El niño  y la pelota tenían padres atareados y cinco hermanos, pero a nadie para jugar.

La pelota había sido comprada en el tenderete de una feria. El niño jugó con ella día tras día, desgastando sin piedad las botas en invierno y las zapatillas en verano.  

La pelota rodaba en todas direcciones, se escondía en los matorrales y saltaba las zanjas obligando al niño a volver con desgarrones en el pantalón y arañazos en las rodillas.

La madre se enfadaba, le ponía un castigo pequeño, meneaba la cabeza. Después de cenar le zurcía las roturas. 

—Este pequeño mío  ¿Cuando crecerá?

 En su séptimo cumpleaños la madrina del niño apareció con una caja grande.  Dentro, una bola de pelo de dos colores gemía y temblaba.
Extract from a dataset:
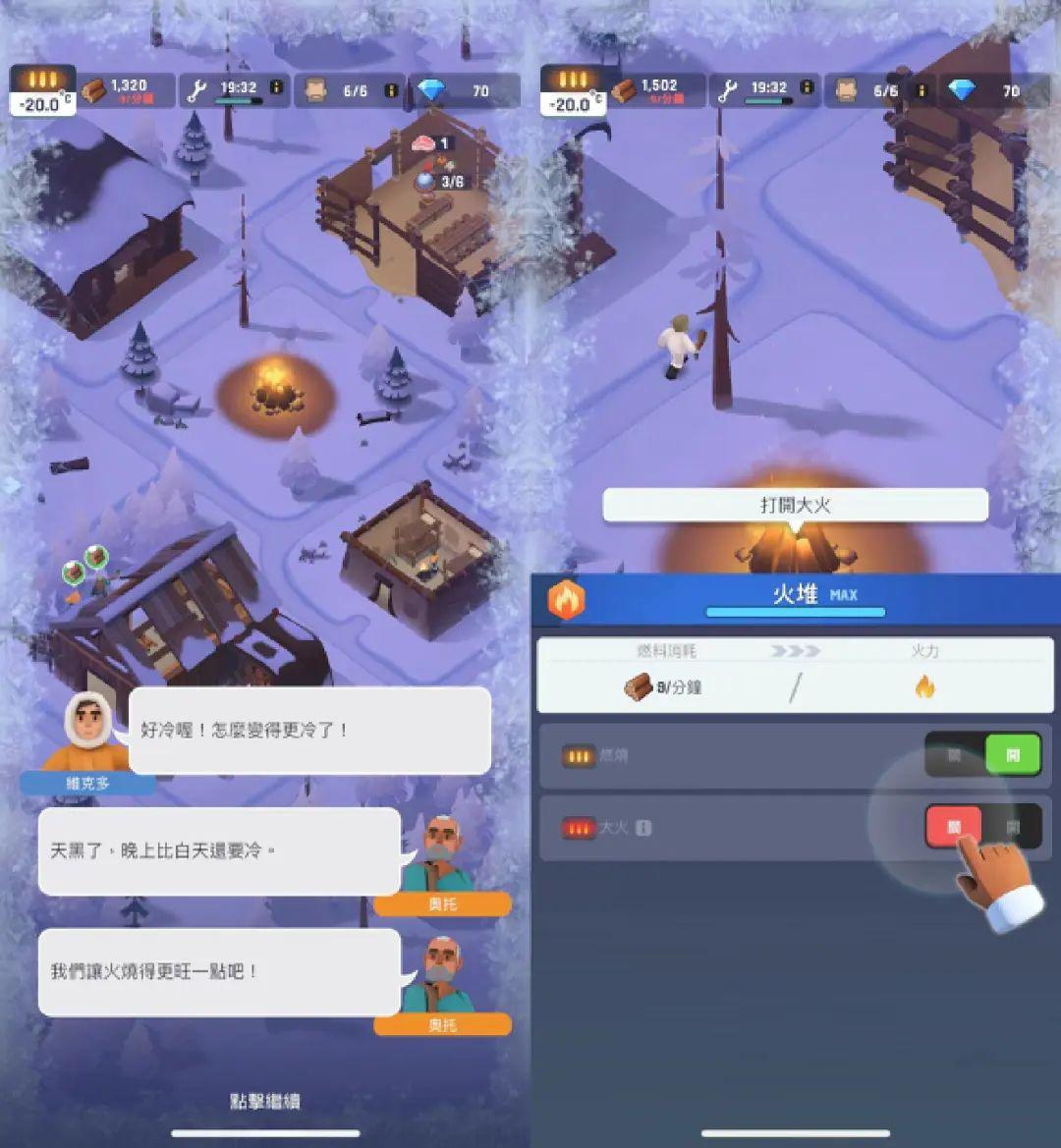 再如点点的《Frozen City》,凭借low poly的卡通风格、冰雪题材+末世生存背景形成了明显的差异化。并且通过卡牌化战斗、放置资源积累之类的元素来提供更多元的玩法反馈。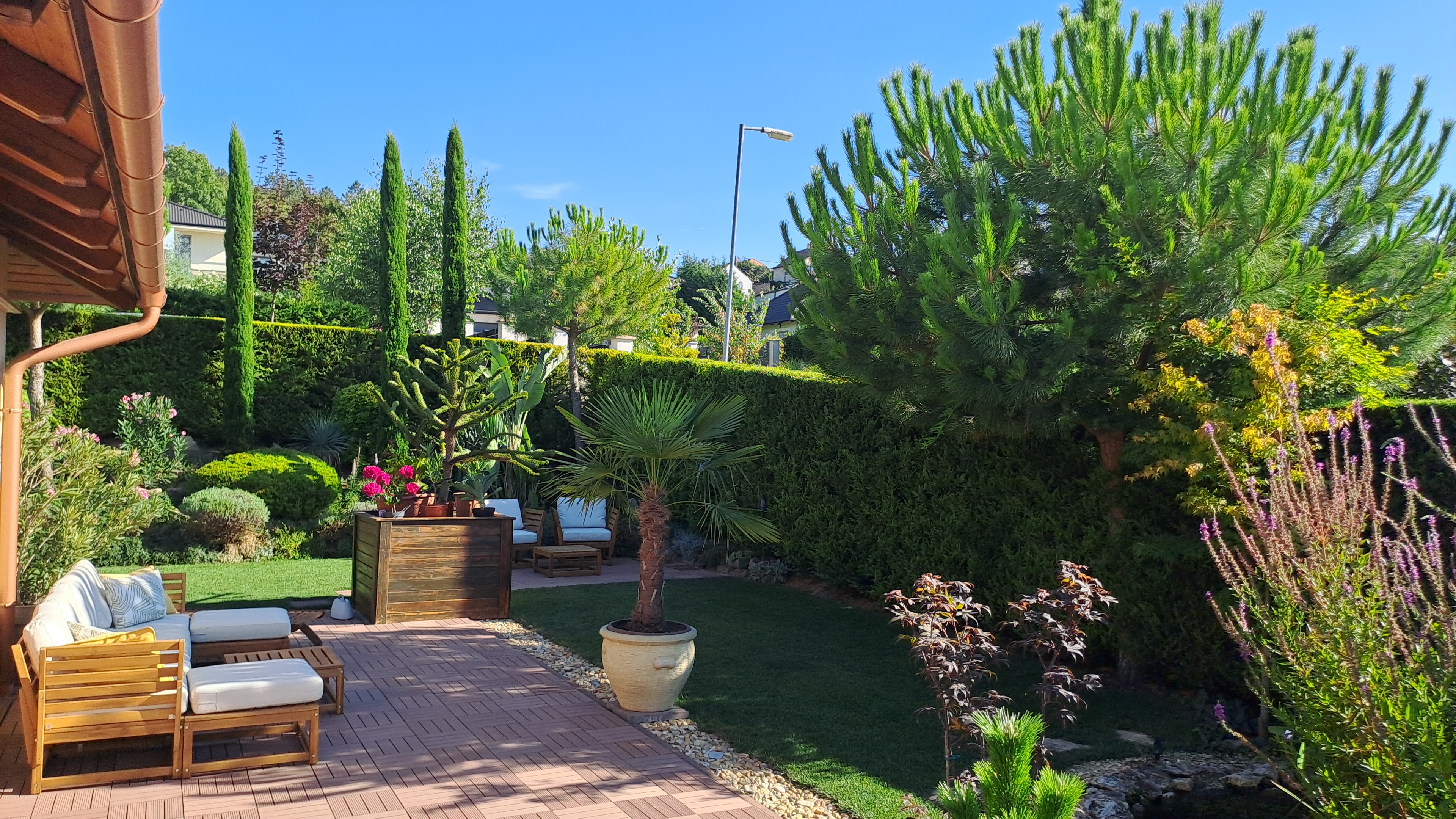 A kis terület miatt sajnos új növényeknek már csak úgy tudok helyet biztosítani, ha valamelyik átadja a helyét. A kezdetekben vásárolt nem olyan különleges példányok esnek ennek áldozatul, de róluk is gondoskodok és el szoktam azokat ajándékozni. A nagy kertépítő projektek már lezárultak nálunk, mivel nincs több helyünk, így a kert fenntartása a fő feladat, ami számításaim szerint heti 4 órára tehető. Ebbe benne van a fűnyírástól kezdve a nyári időszakban kéthetente végzett tápoldatozás és a kaspós növények kézi locsolása is

Cuando el niño vio al perro, supo que nunca más jugaría solo. El cachorrillo lo miró con sus ojos color miel. Entonces decidió que siempre lo cuidaría,  que crecerían juntos.

Le llevó dos días encontrar el nombre adecuado. Le llevó semanas enseñarle a devolver la pelota sin que le hincase el diente. Les llevó meses entenderse solo con un gesto. Les llevó años crecer. 

A los quince al chulito lo expulsaron de la escuela.

El niño heredó más ropa, aprendió los reyes godos y las párabolas, vigiló nidos y cada verano se bañó en la acequia, siempre en compañía del perro. 

El perro dormía ovillado junto a su cama, compartía su merienda y perdonaba sus enfados. 

La pelota los llevó a saltos cómplices por una vida simple y un tiempo sin retorno.

A los dieciocho al chulito le regalaron un juguete caro. Un coche al que le sacaba chispas por las calles del pueblo.

El perrillo desconocía el peligro. Cruzó confiado a buscar la pelota para el niño. No pudo evitar lo inevitable.

El niño dejó de comer y lloró mares. Despuès abandonó para siempre la pelota culpable en un estante. Arrastraba por la calle su tristeza cuando vio al chulito con otros divirtiéndose en la bolera.

—Un hombre de verdad defiende a los suyos—  dijo su padre.

El sentimiento del pecho se le incendió, alimentado por la rabia y el deseo de venganza. El puñetazo que lo hizo mayor le dejó muy doloridos los nudillos.

Luego, en el estante junto a la pelota, colocó el collar del infortunado perrito. Desde ese día ya nunca más volvió a jugar.